Columbo: Troubled Waters (1975)
Season 4, Episode 4
7/10
Fine Example of Columbo at his Peak.
18 August 2007
Warning: Spoilers
One of the most enjoyable, this is the episode that takes place on a Mexican cruise ship, with Robert Vaughan the kempt murderer. Briefly, Vaughan shoots a blackmailing girl friend and tries to frame a band member, Dean Stockwell, for the crime. Columbo enlists Vaughan's help in figuring out what happened and dupes him into revealing himself as the perp.

The episode doesn't have any outstanding scenes in it -- except for the fact that it was obviously filmed aboard a ship at sea. And the plot is heaped with more than the usual number of improbabilities. I'll give one example. Vaughan has used a pair of surgical gloves when he fired the pistol that killed the young lady. Okay. Then he throws the gun into a laundry cart where it will be found. Columbo of course finds the gun but is puzzled in that it has no fingerprints. That means, supposedly, that the murderer wore gloves. But no gloves were found during a search. Where are the gloves, wonders Columbo. "Maybe he threw them overboard," says Vaughan helpfully. Yes, but if he didn't have time to throw the gun overboard, how could he have managed to throw the gloves overboard? The gloves must be hidden somewhere, insists Columbo. If he could only find them. Well, of course, Vaughan is able to steal another pair of surgical gloves, fire another pistol (?) in order to put powder burns on them, and turn them over to Columbo to seal the frame. Instead, the gloves merely prove that Vaughan is the murderer. Question: Why does everyone assume the murderer, if he couldn't have had time to fling the incriminating gloves over the side, must have hidden them somewhere. They were surgical gloves. He could have burned the damned things -- or flushed them down the toilet.
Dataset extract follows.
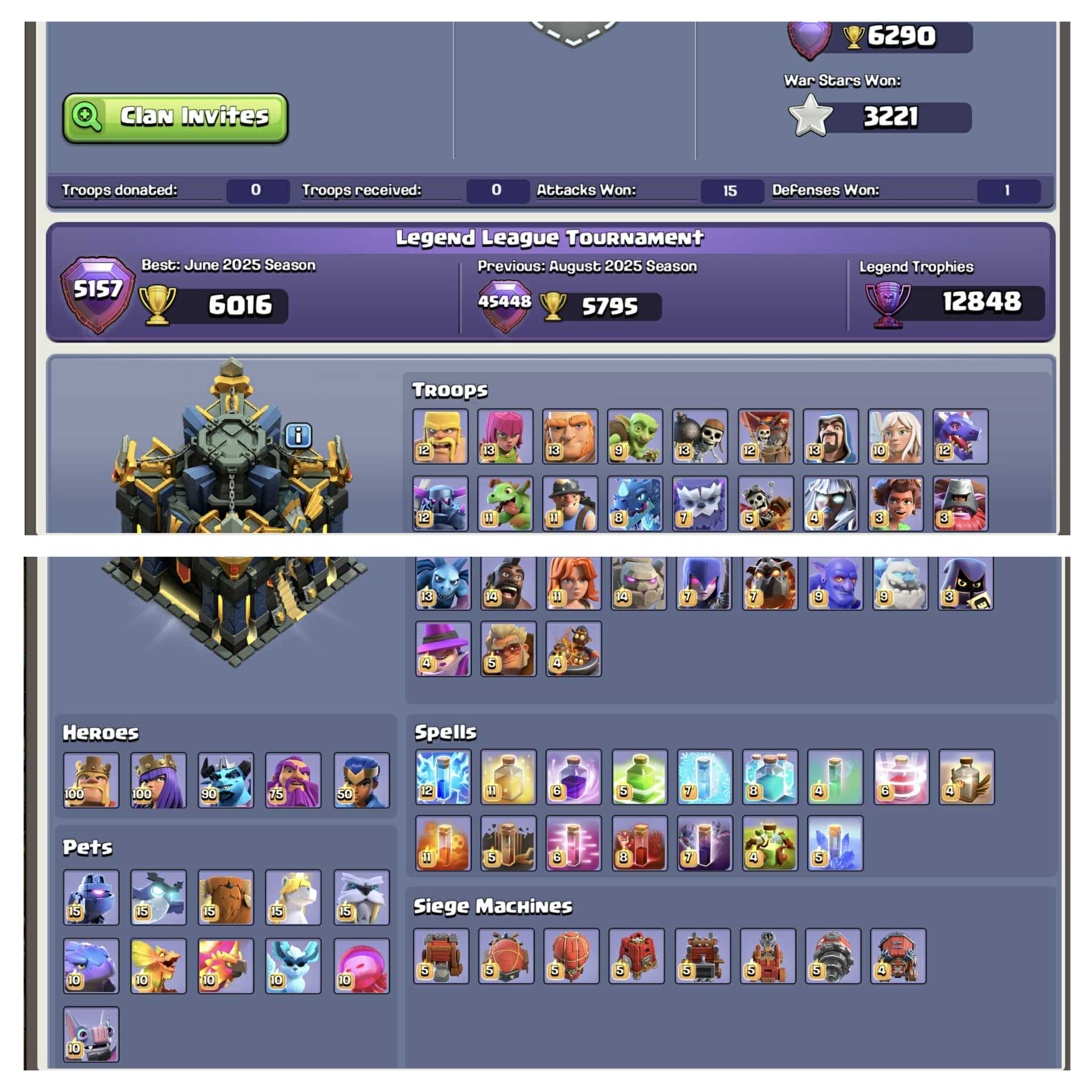 Level 266🌷TH 17 Maxed 100%🌷Rare 11 Epic Equipments Maxed🌷Builder Base Max

But these kinds of plot holes, through which a viewer unwilling to suspend disbelief might drive a Volkswagon, are common in all the episodes. What holds this story together so tightly is that the incidents, the separate scenes, bind it together. There isn't any wasted time. (There's only one really comic moment, with Columbo about to vomit.) And there is the exploration of various nautical settings -- the ship's sick bay, the ballroom, a weather deck with the wind howling about the actor's ears, and there is Jane Greer, looking just great, as a savvy older wife. It's nice to see Patrick MacNee as the Captain too, and Robert Douglas, immortal as Lord Wolfingham in The Sea Hawk, as the ship's doctor. The real passengers on this cruise to Mazatlan must have had a ball. You can see some of them grinning in the background of some shots, tickled pink to be in the movies. (Did they get a box lunch at least?) In fact everyone seems to be enjoying himself. You probably will too.